- Task material:
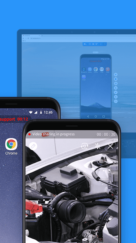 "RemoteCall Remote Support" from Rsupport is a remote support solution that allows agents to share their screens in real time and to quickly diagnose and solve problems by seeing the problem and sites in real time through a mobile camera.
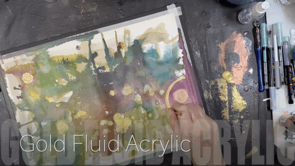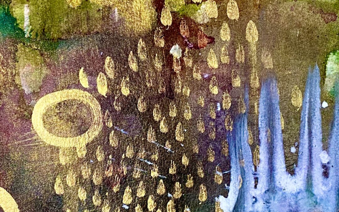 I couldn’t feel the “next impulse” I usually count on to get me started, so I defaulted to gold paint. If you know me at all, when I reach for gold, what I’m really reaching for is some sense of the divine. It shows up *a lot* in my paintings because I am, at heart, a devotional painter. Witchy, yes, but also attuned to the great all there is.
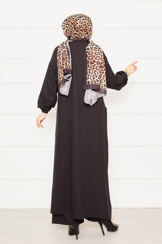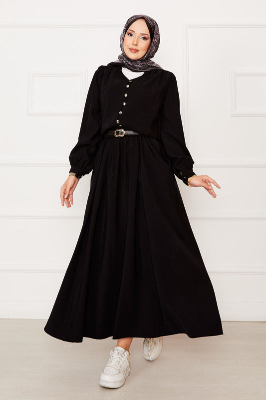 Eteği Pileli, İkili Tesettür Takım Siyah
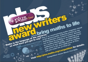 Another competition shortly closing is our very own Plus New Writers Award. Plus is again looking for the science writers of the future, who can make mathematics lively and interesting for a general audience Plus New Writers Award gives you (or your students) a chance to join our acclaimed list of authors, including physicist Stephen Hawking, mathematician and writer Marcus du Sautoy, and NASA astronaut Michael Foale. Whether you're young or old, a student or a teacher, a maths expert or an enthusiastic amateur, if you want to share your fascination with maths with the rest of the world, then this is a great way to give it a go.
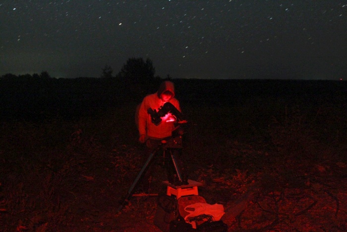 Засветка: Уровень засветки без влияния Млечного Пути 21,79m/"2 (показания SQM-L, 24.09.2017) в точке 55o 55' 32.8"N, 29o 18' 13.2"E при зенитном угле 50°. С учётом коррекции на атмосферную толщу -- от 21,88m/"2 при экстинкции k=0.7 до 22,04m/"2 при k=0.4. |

- Work item:
Copy exactly, and copy nothing else: the lines from the start of the data above through the line that holds "Eteği Pileli, İkili Tesettür Takım Siyah". The pictures stay out.

- Response to the task:
 "RemoteCall Remote Support" from Rsupport is a remote support solution that allows agents to share their screens in real time and to quickly diagnose and solve problems by seeing the problem and sites in real time through a mobile camera.
 I couldn’t feel the “next impulse” I usually count on to get me started, so I defaulted to gold paint. If you know me at all, when I reach for gold, what I’m really reaching for is some sense of the divine. It shows up *a lot* in my paintings because I am, at heart, a devotional painter. Witchy, yes, but also attuned to the great all there is.
 Eteği Pileli, İkili Tesettür Takım Siyah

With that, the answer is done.